日本の、とりわけ、青森県は短命県である。下風呂温泉に泊まって、カバの周りにいるごく近い先輩友人後輩には本当に癌患者が多いのに改めて驚いた。下北に同行した昭和19年生まれの古村県議は7年前、浪岡町会議員2期目の立候補直前に胃癌で倒れ、胃を5分の4摘出した。カバの2級上の十和田湖町の田中さんも5年前に胃癌を発症し、手術している。同年の大畑町の清川氏は、退職直前に初期の食道癌がみつかり、手術して食道の癌は治ったものの、昨年、喉頭に癌がみつかり、高校同期の三国谷君は県庁でこれからという時期に胃癌を手術して、いまにいたっている。青森でも何度も飲んだことのある大間町役場の和田君はすい臓癌でこの3月に55歳の若さで亡くなった。ほかにも、定年前に癌で倒れた県市町村職員がたくさんいる。大学同期の小笠原君も三年前、白血病に罹患し、放射線治療により生還した。
昨日会った東京の友人も、昨年、十月に会ったとき、驚くほど痩せた姿をみて何かの異変を感じたが、一月下旬に酸ヶ湯温泉に行ったとき、打たせ湯に背中と腰をあてていた。彼は、やはり癌を発症していた。三月に肝臓を500グラムと胆嚢までとったという。2歳年下のその友人が全快して、やり残した仕事を全うできることをカバは毎日、昨日も今日も明日も祈っている。

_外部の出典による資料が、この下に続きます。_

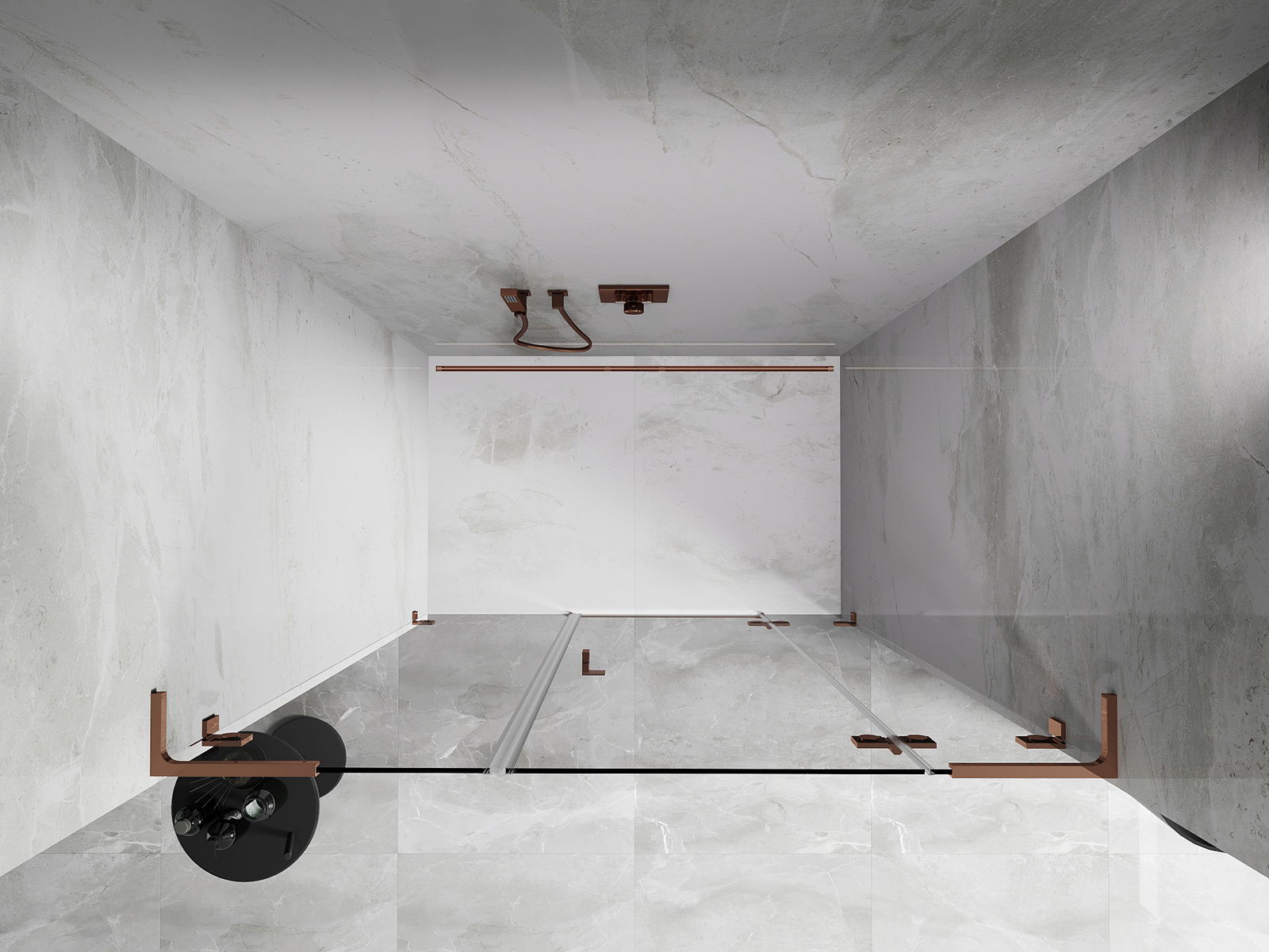 Οι σφιγκτήρες και οι μεντεσέδες είναι κατασκευασμένοι από πολύ ανθεκτικό ορείχαλκο και επιπλέον δημιουργούν μια ευθυγραμμισμένη επιφάνεια γυαλιού. Είναι μια εξαιρετική επιλογή που συνδυάζει κομψότητα, ανθεκτικότητα και σύγχρονο σχεδιασμό. Χάρη σε αυτές τις λύσεις, η ντουζιέρα κερδίζει σε αισθητική και ταυτόχρονα διευκολύνουν τη διατήρηση της καθαριότητας.
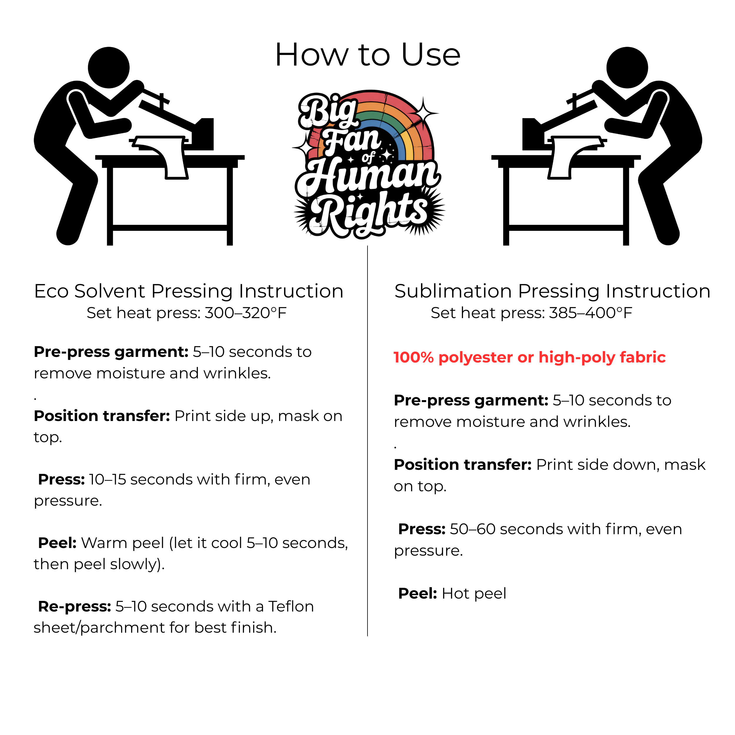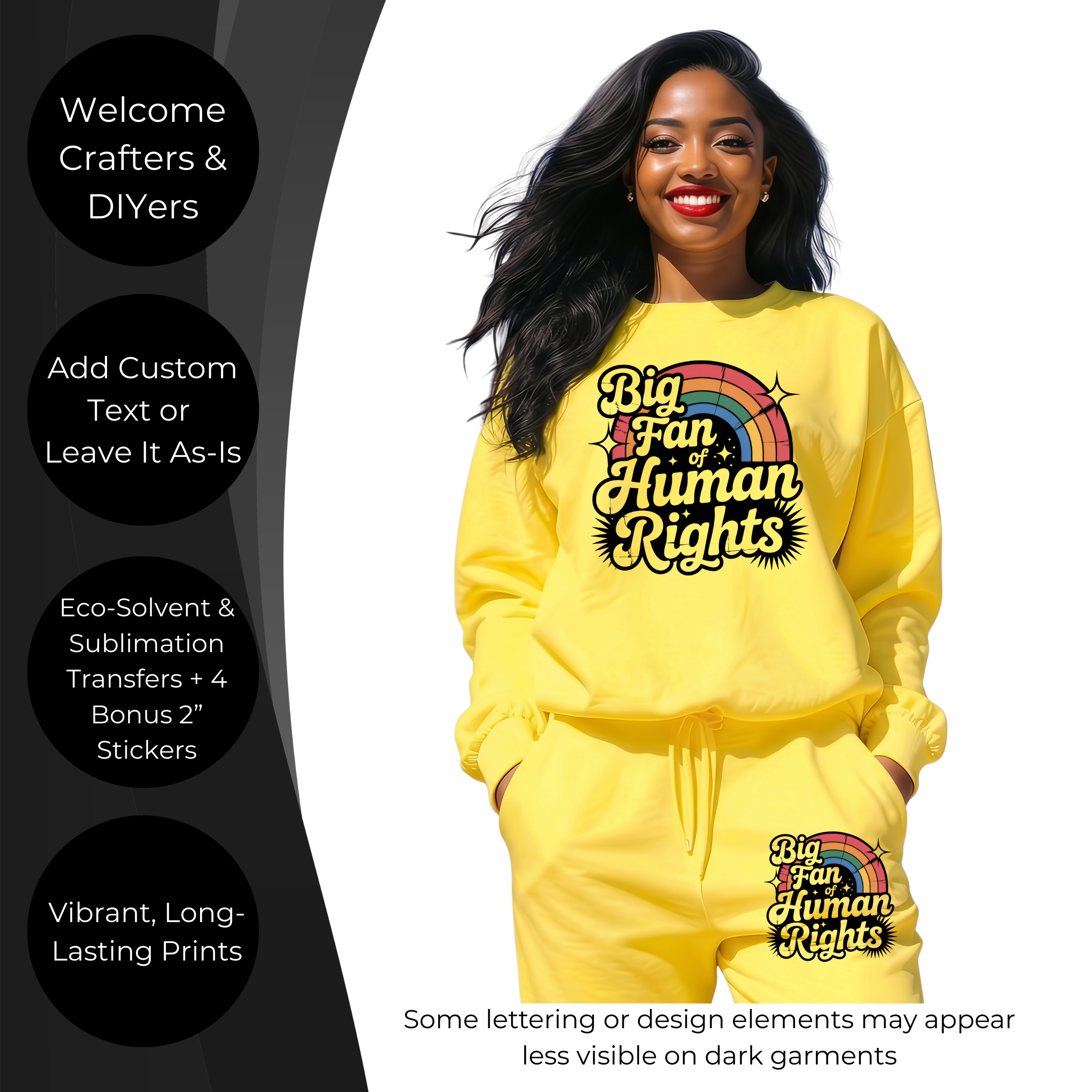 Big Fan of Human Rights 6-Pack Ready-to-Press DIY Bundle – 3 Eco-Solvent + 3 Sublimation Iron-on Heat Transfers with 4 Bonus 2-Inch Stickers

カバのこれからの人生を賭ける文学の世界でも、北狄の服部先生が大腸癌が転移し肺炎から命を落としたし、小野弁護士は四度の癌手術から生還した。ペンクラブの吉田さんも癌と闘っている。生きるために、生きている間は、生きなければならぬ。癌の人が頑張っているのに、癌でない人が自堕落な生をおくることはできない。
古村県議は車の中で言った。
「それにしても、癌が多いな。いったい、核実験の放射能の雨の影響じゃないのかな」
それをきいて、カバははっとした。再処理工場は耐用年数40年で、試験開始は2001年、アクティブ試験で再処理を行い始めたのが2006年である。排気塔から放出されている気体の放射性ヨウ素の量は排出基準の2分の1である。これ以上に放出していないという保証はない。因みに、去年の3月15日に青森県内で福島原発の水素爆発の影響の放射能が検出されているからだ。
いまでもこんなに癌が発生しているのだから、あと5年後にはもっともっと癌が発生していくのではないかという恐怖だ。それが、だんだん低年齢化していくのではないかという確信にもにた恐れだ。
とにかく、命を大事にして、できるだけ癌にならないように日々、節制するだけだ。